I can't target the p tag by a specific attribute for either one, so it seems that the best way is to identify the unique content contained inside the block and then work my way back out.

So this works as a starting point to get the text between the arrows:

<<<\s[a-zA-z\s-]+\s>>>

but I'm having trouble trying to get the tags before that. I obviously need to get 3 sets of the open bracket, the tag, and the closing bracket. after that, I can use a backreference to get the closing ta. I tried this

^[<(p|em|strong)>]{1,3}<<\s[a-zA-z\s-]+\s>>>

but it's not working. What do I need to change to get those repeating tags (and the attribute text in the p tag)?

Thanks.

UPDATE: Following the suggestion by @b.enoit.be, I'm using PHP DOMDocument.
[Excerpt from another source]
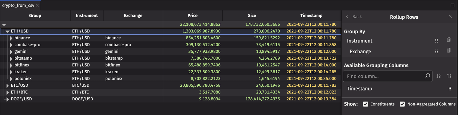Selecting multiple grouping columms will create a multi-level rollup table. In the example below, the table is grouped by "Exchange" and "Instrument".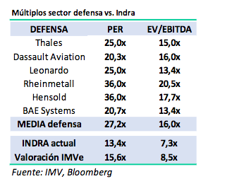 Indra, a pesar de su enorme revalorización en lo que va de año (+50%), se ha revalorizado menos que sus comparables europeos y sigue cotizando a unos múltiplos muy por debajo del sector defensa europeo. Indra cotiza actualmente a 13,4x PER y 7,3x EV/EBITDA 25e, mientras que el promedio del sector defensa europeo está en 27x PER y 16x EV/EBITDA. Por ello pensamos que los esfuerzos de Indra por transformarse en una compañía puramente defensiva le permitirán ir convergiendo hacia esos múltiplos.

I was able to modify the code that inserts the text I need to remove, and I was able to add an id value to the parent element, so that I could easily identify and remove it, e.g.:

<p id="donateButtonHeading" style="text-align: center;"><strong><em><<< Please consider helping us financially with your tax-deductible contribution today >>></em></strong></p>

getElementById works great to get a DOMElement object, but it looks like it gives me everything in parts, and what I need to get is the entire string to remove it, or just remove that whole element from the document. Here's what I'm trying ($body is teh HTML string):

$xmlDoc = new DOMDocument();
$xmlDoc->validateOnParse = true;
$xmlDoc->loadHTML($body);
  foreach (array('donateButtonHeading', 'donateButtonMarkup') as $buttonElementId) {
    $buttonElement = $xmlDoc->getElementById($buttonElementId);

  }

What I'm having trouble figuring out is where to go from here. At this point $buttonElement is a DOMElement, but I need to remove that from $xmlDoc and then call $xmlDoc->saveHTML()to get my HTML output. How do I get from having my DOMElement to removing it from $xmlDoc?

wonder95
  • 3,825
  • 8
  • 45
  • 74
  • Character classes are for characters, not words, so `<(p|em|strong)>` are all individual characters, not an element. `

    ` could be found `` would not, nor would ``.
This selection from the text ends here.